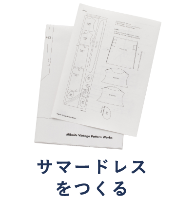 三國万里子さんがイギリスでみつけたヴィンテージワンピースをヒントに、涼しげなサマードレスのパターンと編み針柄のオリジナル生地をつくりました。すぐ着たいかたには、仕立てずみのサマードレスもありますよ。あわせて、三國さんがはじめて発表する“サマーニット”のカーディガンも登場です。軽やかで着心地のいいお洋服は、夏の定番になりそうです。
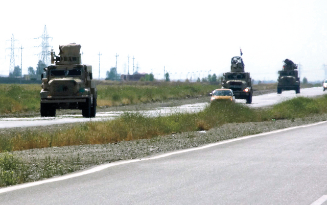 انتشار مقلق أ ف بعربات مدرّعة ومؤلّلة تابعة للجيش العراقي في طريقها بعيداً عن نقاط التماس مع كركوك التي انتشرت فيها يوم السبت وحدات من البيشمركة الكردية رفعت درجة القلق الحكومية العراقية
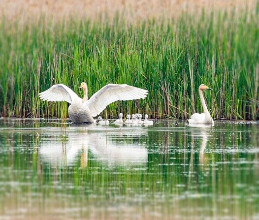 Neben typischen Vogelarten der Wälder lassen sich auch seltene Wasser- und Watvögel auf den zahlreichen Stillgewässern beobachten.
★ ★ ★
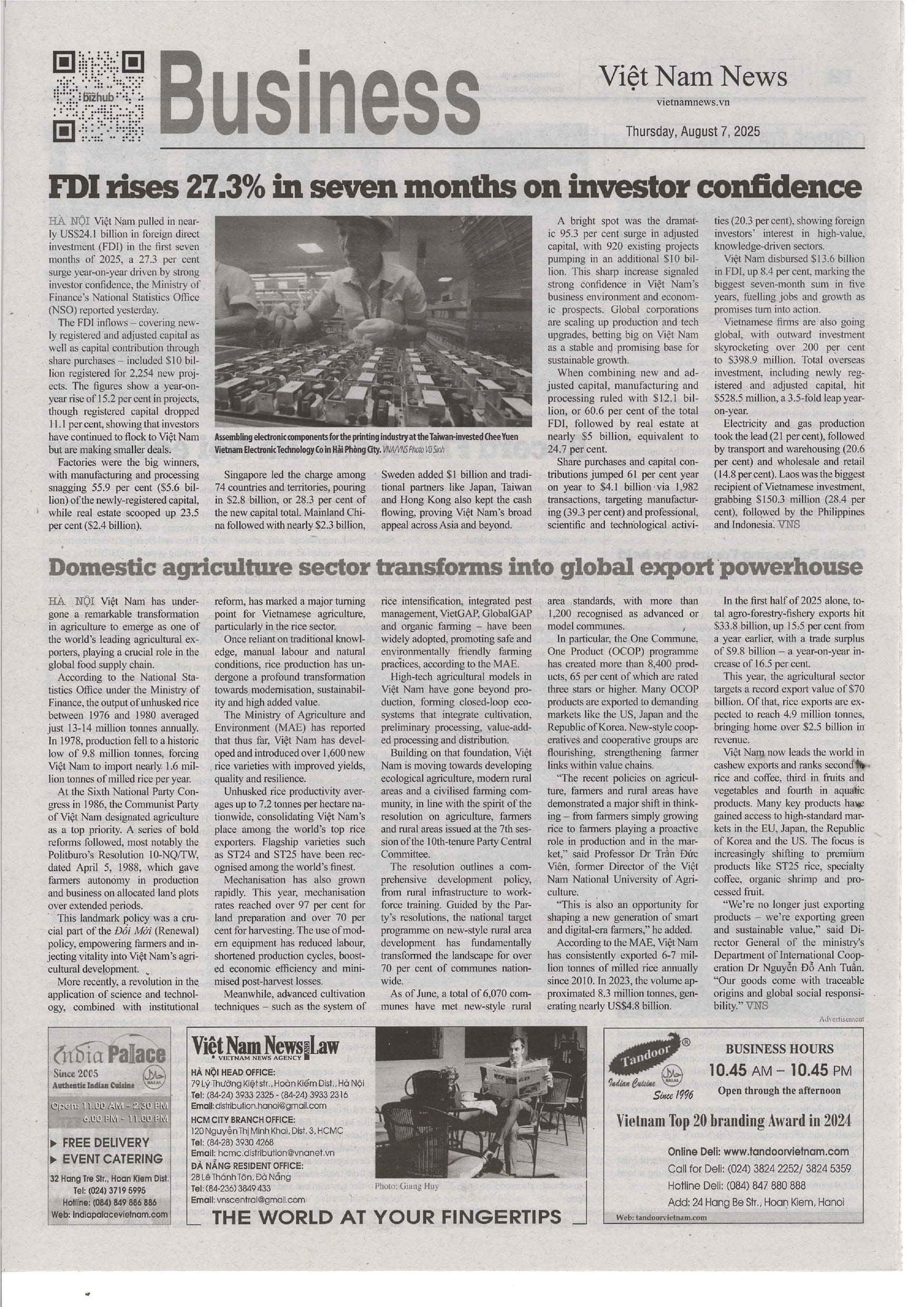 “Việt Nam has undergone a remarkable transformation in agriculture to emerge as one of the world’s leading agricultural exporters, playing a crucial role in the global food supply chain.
★ ★ ★
**Problem description:** Using the data above, output the line that has "三國万里子さんがイギリスでみ", the line that has "Neben typischen Vogelarten", and whatever lines fall between, each exactly as it stands and without pictures.

**Task solution:**
 三國万里子さんがイギリスでみつけたヴィンテージワンピースをヒントに、涼しげなサマードレスのパターンと編み針柄のオリジナル生地をつくりました。すぐ着たいかたには、仕立てずみのサマードレスもありますよ。あわせて、三國さんがはじめて発表する“サマーニット”のカーディガンも登場です。軽やかで着心地のいいお洋服は、夏の定番になりそうです。
 انتشار مقلق أ ف بعربات مدرّعة ومؤلّلة تابعة للجيش العراقي في طريقها بعيداً عن نقاط التماس مع كركوك التي انتشرت فيها يوم السبت وحدات من البيشمركة الكردية رفعت درجة القلق الحكومية العراقية
 Neben typischen Vogelarten der Wälder lassen sich auch seltene Wasser- und Watvögel auf den zahlreichen Stillgewässern beobachten.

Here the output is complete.